Usia 40 mengubah cara memandang hidup
Hathaway menjelaskan bahwa memasuki usia 40 menjadi titik penting dalam cara ia menjalani hidup. Pada fase itu, ia merasa ritmenya berubah dan tidak lagi tertarik pada kehidupan yang kaku.
“Lalu saat memasuki usia 40, saya seperti menemukan ritme yang berbeda, dan saya tidak lagi tertarik menjalani hidup yang kaku. Saya hanya tertarik untuk menikmati bagian yang menyenangkan,” katanya. Ungkapan itu memberi gambaran bahwa prioritasnya kini bergerak ke arah yang lebih seimbang.
Perubahan tersebut membuat Hathaway terlihat lebih nyaman dengan dirinya sendiri. Pesonanya kini tidak hanya dibaca dari penampilan, tetapi juga dari kedewasaan sikap yang ia tunjukkan di depan publik.
Dukungan keluarga tetap jadi sandaran
Di tengah perhatian besar atas gelar barunya, Hathaway juga menyoroti peran suaminya, Adam Shulman. Ia menyebut Shulman sebagai sosok yang selalu mendukungnya sepenuhnya dalam berbagai situasi.
“Dia mendukungku sepenuhnya. Tahun ini khususnya sangat tidak biasa. Kami berdua tahu bahwa hal seperti ini mungkin tidak akan pernah terjadi lagi. Dan cara dia membantu, maksudku, dalam segala hal, dia adalah orang paling luar biasa yang pernah kutemui,” kata Hathaway. Pernyataan itu menunjukkan bahwa pencapaian yang terlihat di ruang publik tetap ditopang oleh dukungan yang dekat di kehidupan pribadinya.

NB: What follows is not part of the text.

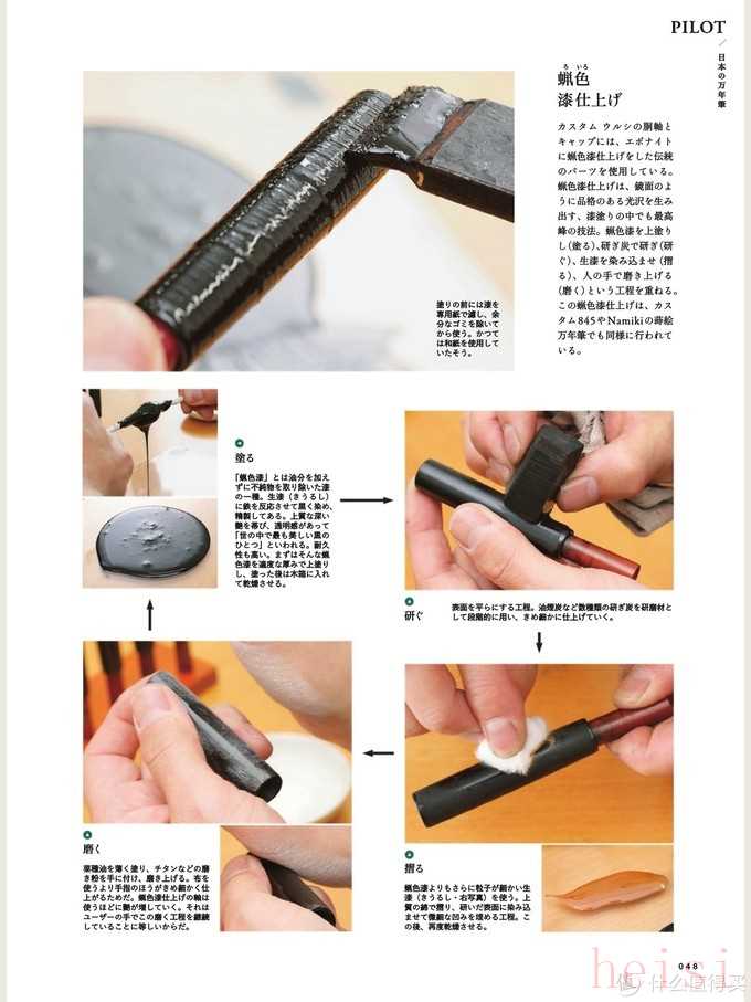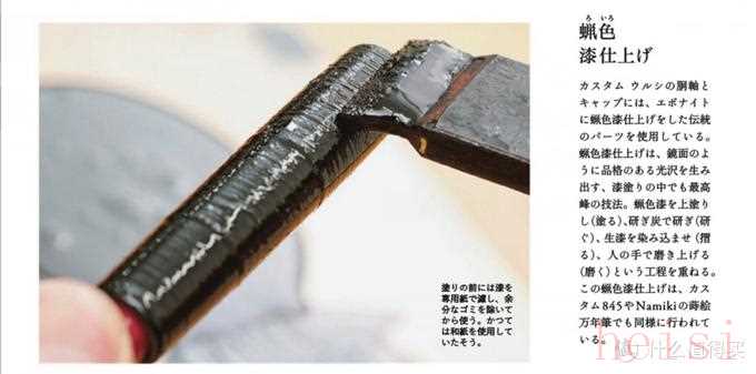 Custom Urushi的筆桿筆帽都是覆蓋蠟色漆的硬橡膠材質。蠟色漆加工可以稱得上是日本漆器技術的巔峰作品。在物件表面形成的鏡面效果,有非常強的高級感。蠟色漆的工序是首先把生漆涂在硬橡膠表面,用碳進行打磨,生漆滲入材料表面后,用人工拋光的方式達到鏡面效果,同樣的工藝工序被使用在百樂Custom 845和高端子品牌Namiki的蒔繪萬年筆上。

Kehadiran keluarga memberi lapisan lain dalam cerita di balik pengakuan People. Di saat sorotan tertuju pada gelar wanita tercantik, Hathaway justru menempatkan dukungan emosional sebagai bagian penting dari keseimbangan hidupnya.
Daftar lama yang selalu menarik perhatian
Pemilihan “World’s Most Beautiful” dari People memang bukan daftar baru. Majalah tersebut telah menjalankan tradisi itu sejak pertama kali diperkenalkan pada 1990.
Sejumlah nama besar juga pernah masuk dalam daftar yang sama, termasuk Beyoncé, Nicole Kidman, Michelle Pfeiffer, Jennifer Aniston, dan Julia Roberts. Kehadiran Hathaway menambah deretan figur publik yang dianggap memiliki daya tarik kuat dan pengaruh besar di mata pembaca.
Bagi Hathaway, pengakuan ini hadir pada masa ketika ia tampak lebih damai dalam memandang hidup. Gelar dari People pun terasa sejalan dengan perjalanan pribadi yang memperlihatkan sisi lain dari dirinya, yakni sosok yang lebih menerima, lebih ringan, dan tetap bertahan di bawah sorotan publik.